The best empirical model was developed using a multiple logistic regression analysis in order to account for joint confounding. First, all known confounding variables were included in the model; second, a backward stepwise method was used with the aim of identifying independent associations with the outcome (exclusion probability = 0.20; inclusion probability = 0.10). A set of a priori defined interaction hypotheses was also tested.
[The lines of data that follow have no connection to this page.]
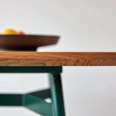 The tabletop is made from solid British wood, in your choice of elm (pictured), oak or walnut, sourced locally from trees that have been felled due to urban development or weather damage.
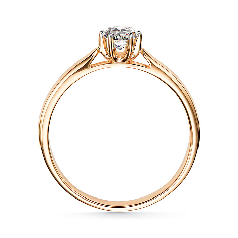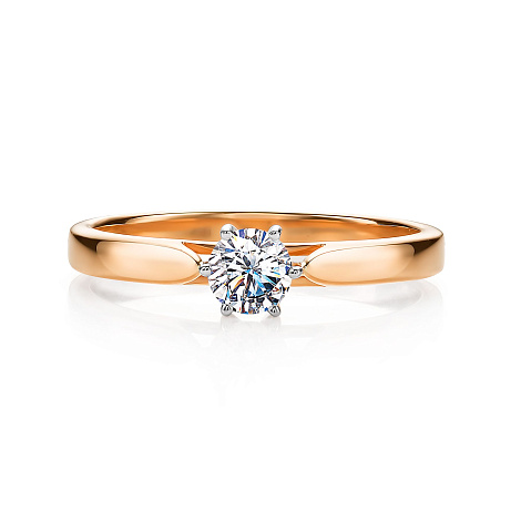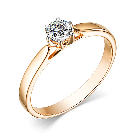 Кольцо классического дизайна с великолепным сверкающим бриллиантом, выполнено из красного золота 585 пробы. Лапки каста подсвечены каплями родия, которые придают камню больше блеска, объема и глубины. Именно такие украшения универсально подходят к какому угодно образу и способны изящно завершить любой наряд. Изделие представлено брендом АЛЬКОР. Средняя характеристика камня на артикул: 1 Бриллиант Круг 57 0.346 4/6. К украшению прилагается сертификат от производителя о подлинности драгоценных камней. В комплект поставки входит:
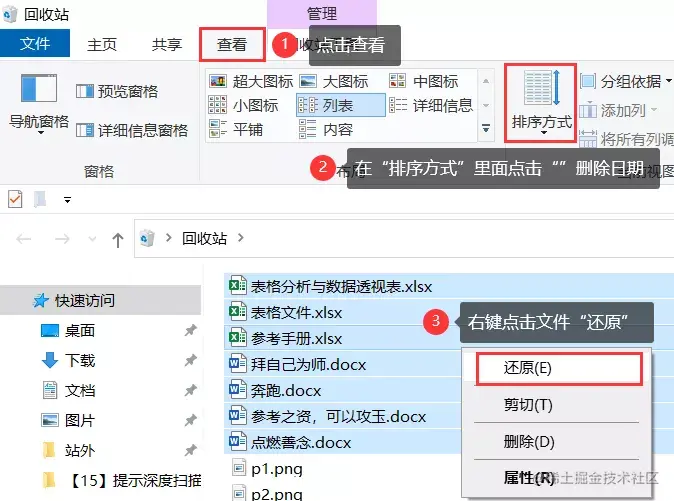 具体操作步骤:打开电脑【回收站】,在页面上方找到【排序方式】,点击里面的【删除日期】,能够快速找到最近删除的文件。在里面找到之前丢失的文件,右键点击文件【还原】。
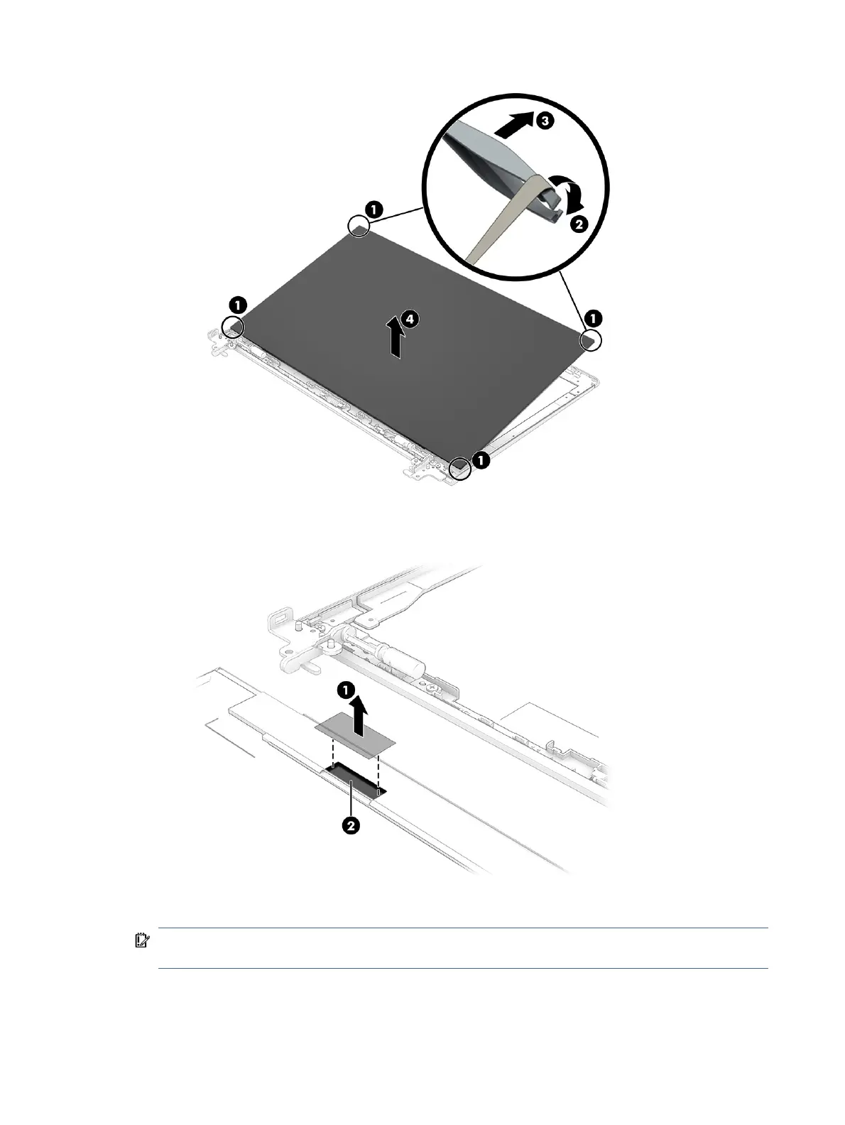 c. Lift the tape from the connector on the display panel (1), and then disconnect the cable from the
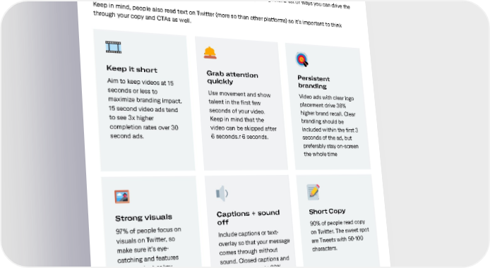 Ad creative & copy Creative best practices Ad creative is the #1 factor in driving sales. In fact, according to Nielsen, 47% of sales can be attributed to creative alone. After reviewing thousands of campaigns, we’ve put together a list of ways you can drive the best return for ads. Keep in mind, people also read text on Twitter (more so than other platforms) so it’s important to think through your copy and CTAs as well. Keep it short Grab attention Persistent Aim to keep videos at 15 quickly branding seconds or less to Use movement and show Video ads with clear logo maximize branding impact. talent in the first few placement drive 36% 15 second video ads tend seconds of your video. higher brand recall. Clear to see 3x higher Keep in mind that the branding should be completion rates over 30 video can be skipped after included within the first 3 second ads. 6 seconds.r 6 seconds. seconds of the ad, but preferably stay on-screen the whole time Strong visuals Captions + sound Short Copy 97% of people focus on off 90% of people read copy visuals on Twitter, so Include captions or text- on Twitter. The sweet spot make sure it’s eye- overlay so that your message are Tweets with 50-100 catching and features comes through without characters. your product or key sound. Closed captions and message. text overlays create 28% longer view times on Twitter and Average ROI is 1.8x higher for videos that don’t require sound to be understood. Source: Nielsen Catalina Solutions, 5 Keys to Advertising Effectiveness, Oct 2017 13
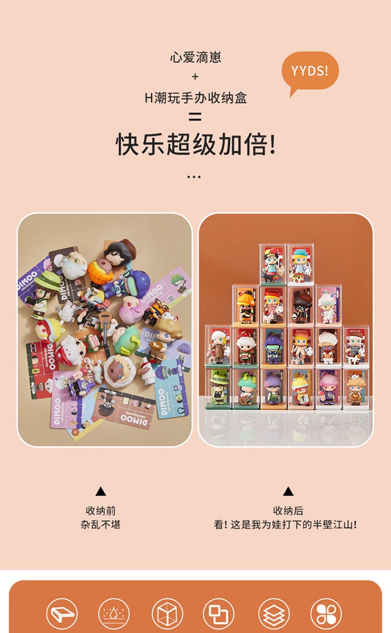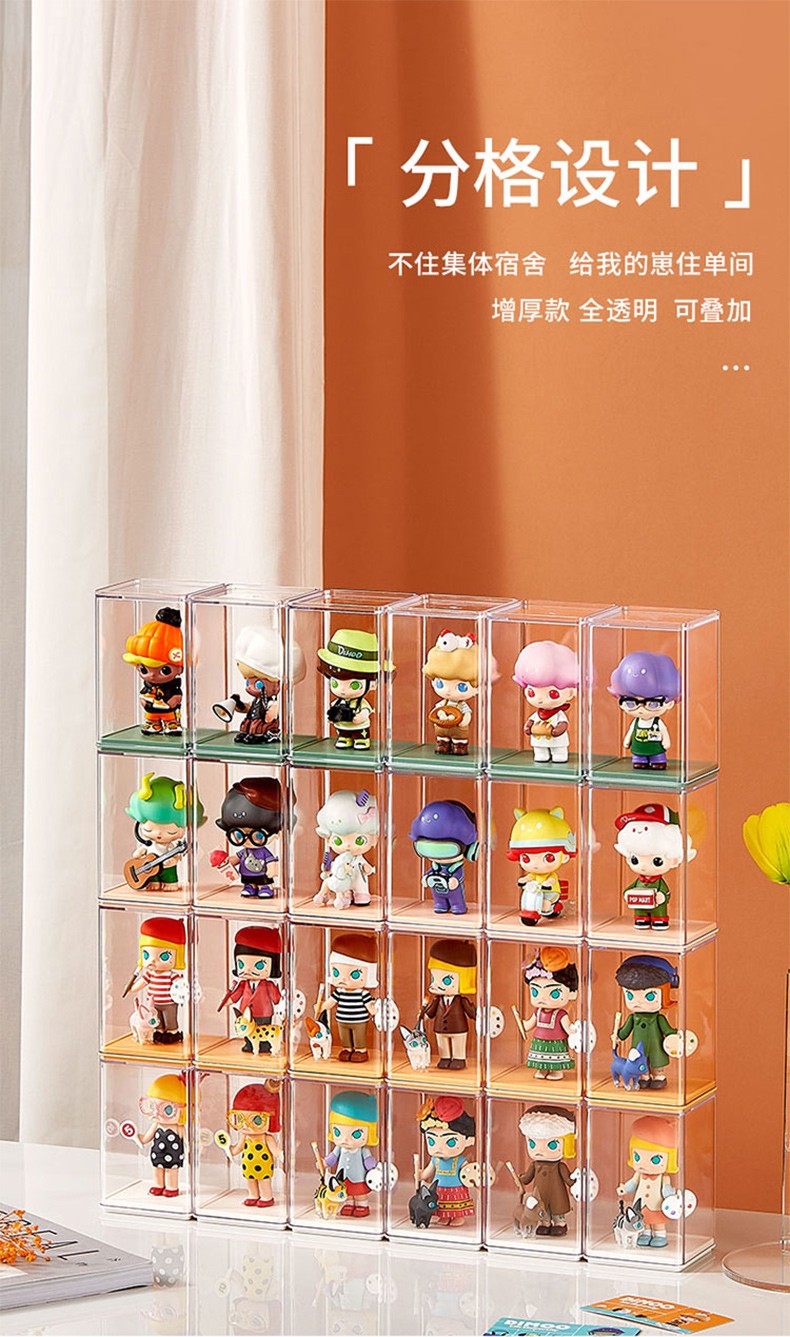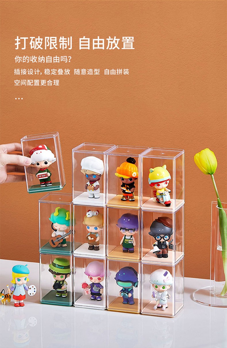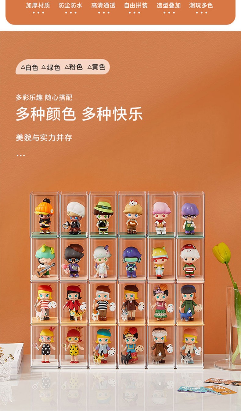 KAMAN Blind Box Storage Display Rack Transparent Dustproof Jar Bubble Mart Doll Doll Storage Box White 6 Pack Free of Glue
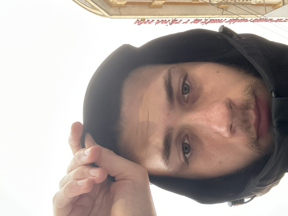 A male individual, approximately early to mid-20s, with light skin, greenish-hazel eyes, and stubble on his chin and upper lip, looks directly into the camera
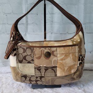 (4B-048) Coach Ergo Patchwork Leather Canvas Suede Hobo in Earth Tone Brown Color
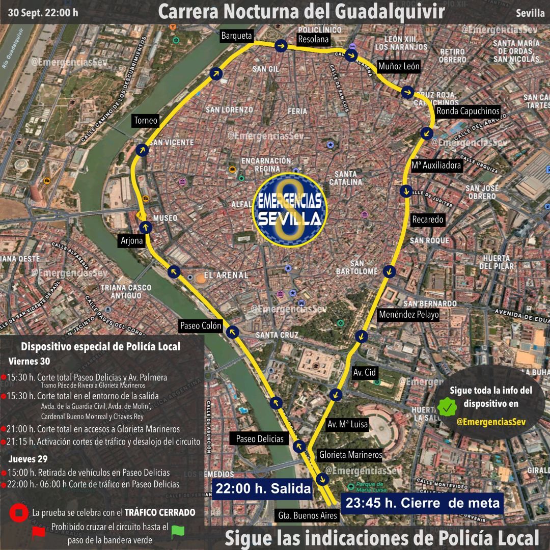 El Ayuntamiento de Sevilla, a través de la coordinación de la Delegación de Gobernación y Fiestas Mayores y en colaboración con el Instituto Municipal de Deportes, Tussam, Lipasam y el resto de delegaciones, ha diseñado un dispositivo especial de movilidad y seguridad con motivo de la celebración de la KH-7 Carrera Nocturna del Guadalquivir que se mantendrá hasta la finalización de la prueba y retirada de materiales.

A cross validation procedure was applied to avoid over fitting: patients were randomly split into two equal-size samples: sample I was used to build the predictive model (n = 17,231); sample II was used as an independent database for model validation (n = 17,079). The entire data set was finally used for estimating the definitive coefficients and calculating their p-values [17].
For the purpose of this analysis, in order to provide a proper comparison between the risk-adjustment model adopted in the Italian CABG Outcome Project and the EuroSCORE model, all records with missing values for variables considered in both models were excluded. A preliminary analysis comparing the mortality rate based on the excluded records with that based on the used database showed no statistically significant differences. This comparison confirmed that no biases were introduced by this selection. Therefore, the database actually used consisted of 30,610 isolated CABG interventions, with a 30-day mortality rate of 2.54%.
Although the Italian CABG Outcome Project and EuroSCORE collected almost the same variables, some differences were known to exist. A comparison between the sets of variables used in the two studies and their operative definitions was made; if inconsistencies were found, in order to apply EuroSCORE models to the Italian database, specific EuroSCORE variables were built through the combination of other parameters collected in the Italian CABG Outcome Project.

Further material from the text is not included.